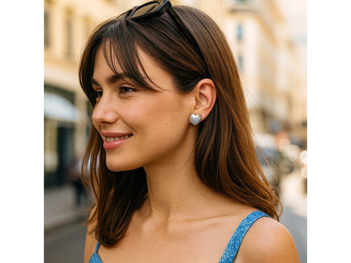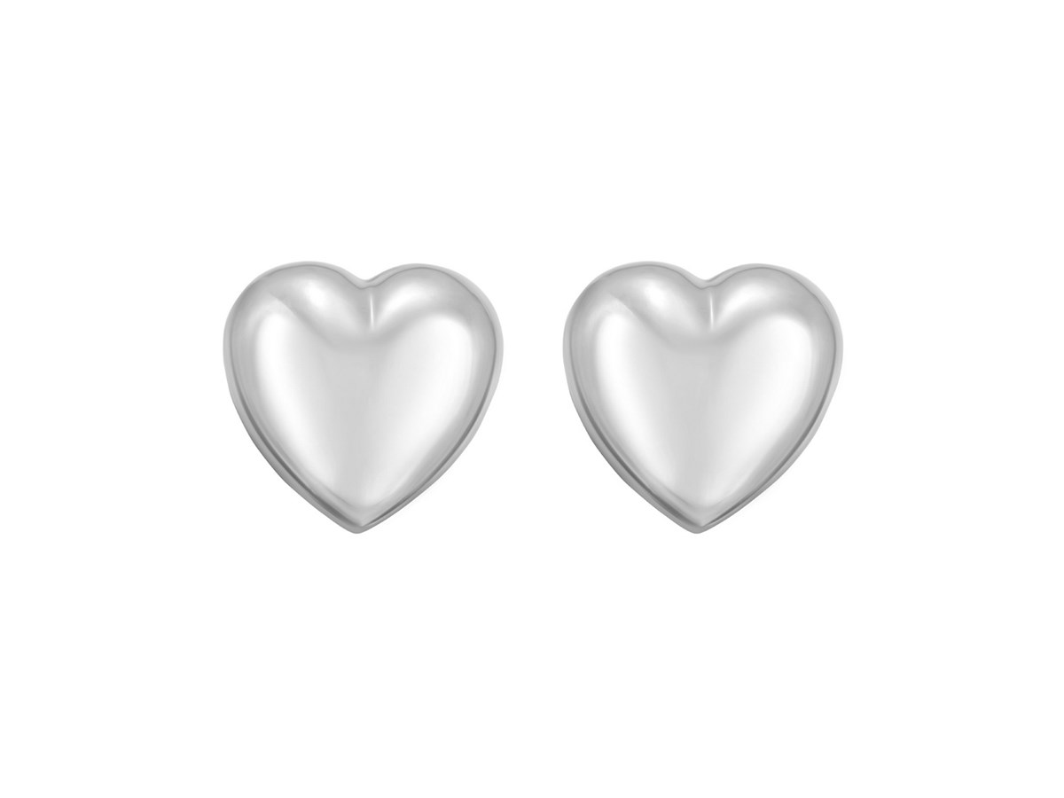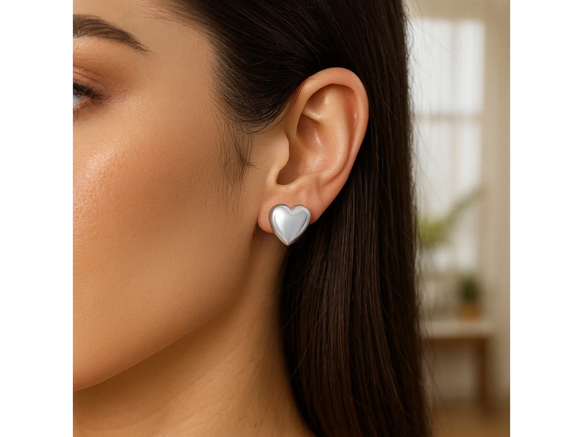 Elegant sterling silver rhodium plated puffed large heart stud earrings featuring a smooth, polished finish that radiates brilliance. The bold puffed heart design adds dimension and shine, creating a timeless statement of love and sophistication.
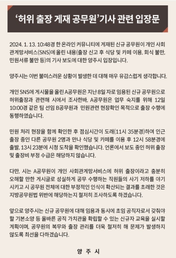 15일 양주시청 누리집에 올라온 9급 공무원 개인 사회관계망서비스(SNS) 논란 관련 입장문.
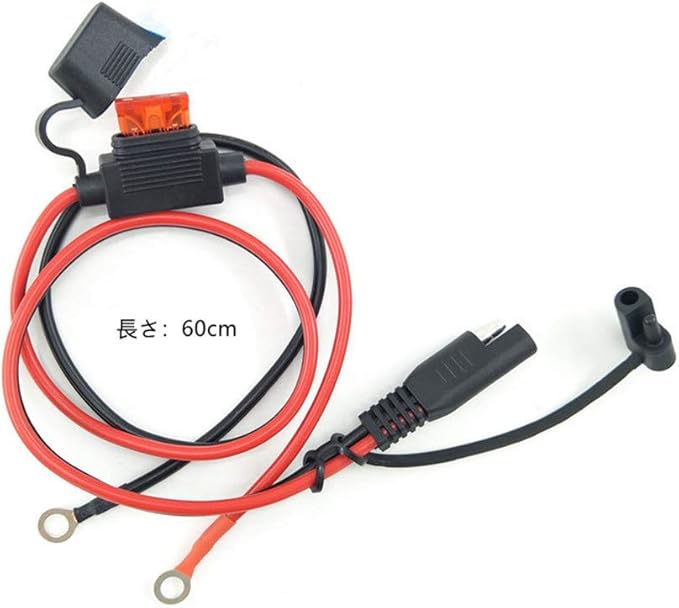 印加電圧:12V-36V ヒューズボックスに内蔵の10Aヒューズ ケーブル仕様:16AWG(1.31平方) 長さ:60cm SAEコネクタにはヒューズ付きの穴あき端子があり、バイク、トラクター、車、ボートなどのバッテリーを充電するためにバッテリーに簡単に固定できます。 SAEコネクタ SAEは 12Vアイレットターミナ。ヒューズへのプラグをすばやく切断します オートバイ、スノ1ーモービル、トラクターなどに適しています
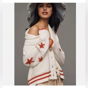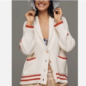 Anthropologie Maeve American Flag USA Chunky Knit Cardigan Sweater XL NEW with tags. Shawl collar. 58% cotton 42% Acrylic. Button Front.
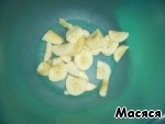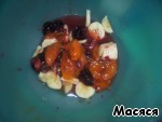 Фрукты очистить от косточек и добавить к банану, положить ложечку варенья.
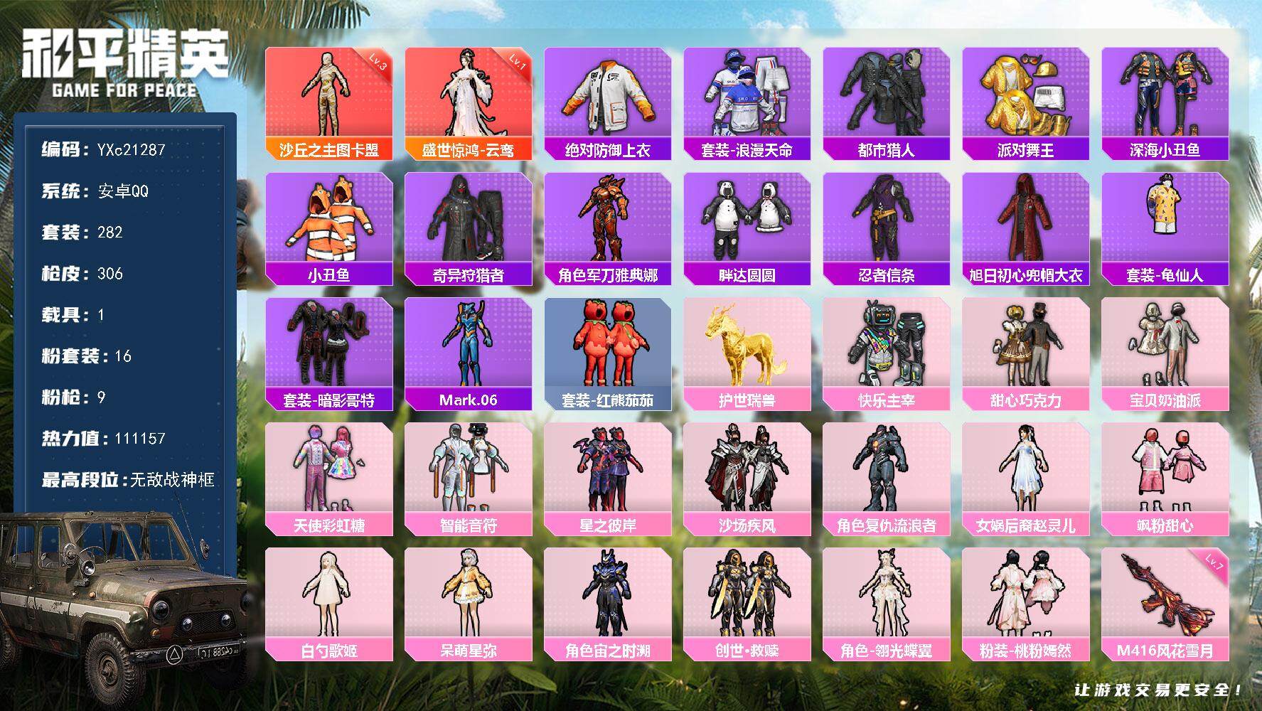 【143227】【不可二次】【安卓QQ】王牌四分卫降落伞 龟仙人 S686-奇异狩猎者 漫步者 都市猎人 M24-奇异狩猎者 东方飞龙 极速红龙 忍者信条 冰川粉黛降落伞 M762-奇异狩猎者 沙丘之主-图卡盟 巡查衣 盛世惊鸿-云鸾 快乐主宰 第五大道降落伞 星之彼岸 深海小丑鱼 瑞龙福将 智能音符 浪漫天命 狮王雄心 激萌罗小黑 未来战士降落伞 胖达圆圆 团圆交子 AKM-奇异狩猎者 沙场疾

■ ■ ■

WHAT NEEDS TO BE DONE -> A word-for-word restatement of all the lines above is needed, with the pictures omitted.

SOLUTION ->
 Elegant sterling silver rhodium plated puffed large heart stud earrings featuring a smooth, polished finish that radiates brilliance. The bold puffed heart design adds dimension and shine, creating a timeless statement of love and sophistication.
 15일 양주시청 누리집에 올라온 9급 공무원 개인 사회관계망서비스(SNS) 논란 관련 입장문.
 印加電圧:12V-36V ヒューズボックスに内蔵の10Aヒューズ ケーブル仕様:16AWG(1.31平方) 長さ:60cm SAEコネクタにはヒューズ付きの穴あき端子があり、バイク、トラクター、車、ボートなどのバッテリーを充電するためにバッテリーに簡単に固定できます。 SAEコネクタ SAEは 12Vアイレットターミナ。ヒューズへのプラグをすばやく切断します オートバイ、スノ1ーモービル、トラクターなどに適しています
 Anthropologie Maeve American Flag USA Chunky Knit Cardigan Sweater XL NEW with tags. Shawl collar. 58% cotton 42% Acrylic. Button Front.
 Фрукты очистить от косточек и добавить к банану, положить ложечку варенья.
 【143227】【不可二次】【安卓QQ】王牌四分卫降落伞 龟仙人 S686-奇异狩猎者 漫步者 都市猎人 M24-奇异狩猎者 东方飞龙 极速红龙 忍者信条 冰川粉黛降落伞 M762-奇异狩猎者 沙丘之主-图卡盟 巡查衣 盛世惊鸿-云鸾 快乐主宰 第五大道降落伞 星之彼岸 深海小丑鱼 瑞龙福将 智能音符 浪漫天命 狮王雄心 激萌罗小黑 未来战士降落伞 胖达圆圆 团圆交子 AKM-奇异狩猎者 沙场疾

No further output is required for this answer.